Each time a black man or boy is killed by the police, from some quarter the tiring statement inevitably arises, “Well. He did something to deserve it.”  He was selling CDs on the corner, he didn’t follow orders, he had a warrant for his arrest. These are infractions, yes.  But in a civil society, no crime justifies immediate public execution.  

It should not be tolerated from a 17 year old vigilante brandishing a gun.  And even less so from those appointed to be our guardians.  A system of policing that allows or even prompts officers to kill citizens under the guise of “control” is not  “Law and Order.”  In fact, it is the very opposite.  

We are a nation of laws.  Imperfect though they may be, they are what we have.
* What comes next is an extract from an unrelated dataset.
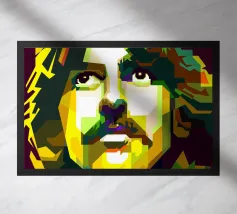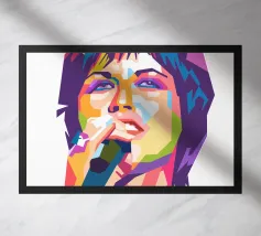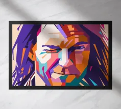Un'audace e colorata illustrazione WPAP (Wedha's Pop Art Portrait) di Jeff Beck, il leggendario chitarrista noto per il suo sound innovativo e la sua tecnica magistrale. L'opera d'arte presenta forme geometriche nitide e colori vibranti e contrastanti, che catturano la sua energia espressiva e il suo spirito artistico. Il suo look iconico, con capelli fluenti e sguardo intenso, è stilizzato attraverso modelli angolari dinamici, che riflettono il suo impatto rivoluzionario sulla musica rock e blues. Questo ritratto WPAP trasforma l'eredità di Beck in un capolavoro visivo di grande impatto, che incarna la sua presenza elettrizzante e la sua influenza senza tempo.

And it’s the responsibility of each generation to help perfect them.  That means that beyond all, neither citizens nor the police are allowed to be the sole judges and the dispensers of justice.  

Regardless of the color of our skin, our current politics may boil down to one question.  Do we believe officers and private citizens alike have the right to render judgement and kill with a knee or a gunshot in the back?  

If we allow private citizens to patrol the streets with guns, we call that anarchy.  And if we subject non-compliant citizens to immediate execution, then the word for that is fascism.  

If we accept or attempt to justify such killings, then rest assured, one day you or I will be next. 

We do have words for that.  And those words are not “Law and Order.”  

With a perspective, this is Andrew Lewis

1 thought on “We Have Words For That

  1. Thanks for making this explicit. What is at stake is so fundamental, so basic; it’s about the agreements we live by and whether we honor them, and the processes designed to protect them, or not.